So what to do with all that super tender pork butt you made the other night? This time around I decided to go in an Asian direction. With no Chinese restaurants in my town, I often get that craving for some MSG (oops! I mean umami). Pork Lo mein to the rescue! This is a great recipe to use with chicken, beef or tofu as well. So get your woks out and let's begin!
- 2 cups leftover pork butt (or leftover roast chicken, or tofu, or beef)
- 2 cups bok choy, sliced
- 1 onion, sliced
- 2/3 cup carrots, sliced
- 6oz sliced mushrooms
- 8oz sliced water chestnuts
- low sodium soy sauce
- chili garlic sauce
- corn starch
- sesame oil
- 1 tsp splenda
- dry sherry (use rice wine (not rw vinegar) if you have it)
- garlic clove, minced
- half a box whole wheat spaghetti, cooked al dente
Lo mein recipes generally call for oyster sauce which I did not have, so I searched the internet for a substitute. A lot of people actually look for vegetarian "oyster" sauces, which incorporates mushrooms and soy sauce, so I used that concept as inspiration. I pulsed a couple ounces of sliced mushrooms with 1 tsp splenda and a couple tbsp low sodium soy sauce until it had the consistency of a very thin milkshake.

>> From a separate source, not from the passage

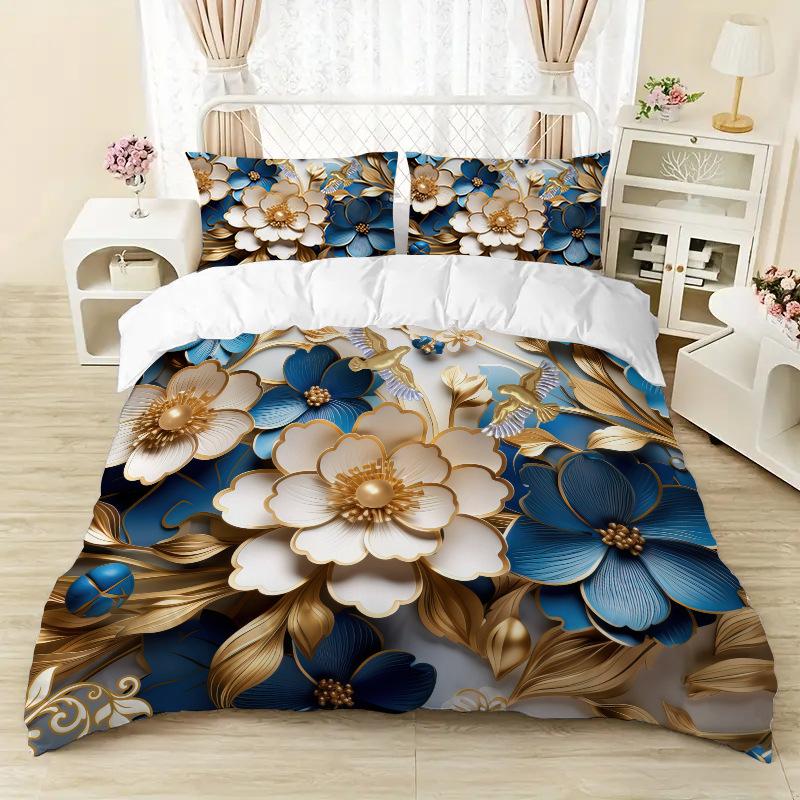 3D Digitaldruck Dreidimensionale Blume DIY Bettbezug Dreiteilige Bettwäsche
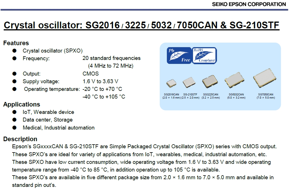 | X1G0055910049 | 愛普生有源振蕩器 | SG-8018CE | 4.000000 MHz | 3.20 x 2.50 x 1.20 mm | CMOS | 1.620 to 3.630 V | -40 to 105 °C |

Before I started the stir-fry, I assembled my sauce:
- 2 tbsp soy sauce
- 3 tbsp mock oyster sauce
- 1/2 tsp sesame oil
- 2 tsp ground ginger
- 1 tsp chili garlic sauce
- minced garlic
- 1 tsp dry sherry
- 1 tbsp cornstarch
- Pre-heat your wok over medium to medium high heat. Wait until it's hot, and then add a light coating of olive oil.
- Stir-fry the vegetables starting with the carrots and onions first. Sautee 3 minutes.
- Add in the mushrooms, cook for 3 minutes
- Add the bok choy, the water chestnuts and the pork and cook for 4 minutes.
- Add your sauce, continue cooking for a couple more minutes and then add your cooked pasta.
- Serve! I like to have soy sauce and the chili garlic on the table so everyone can add their own finishing touch!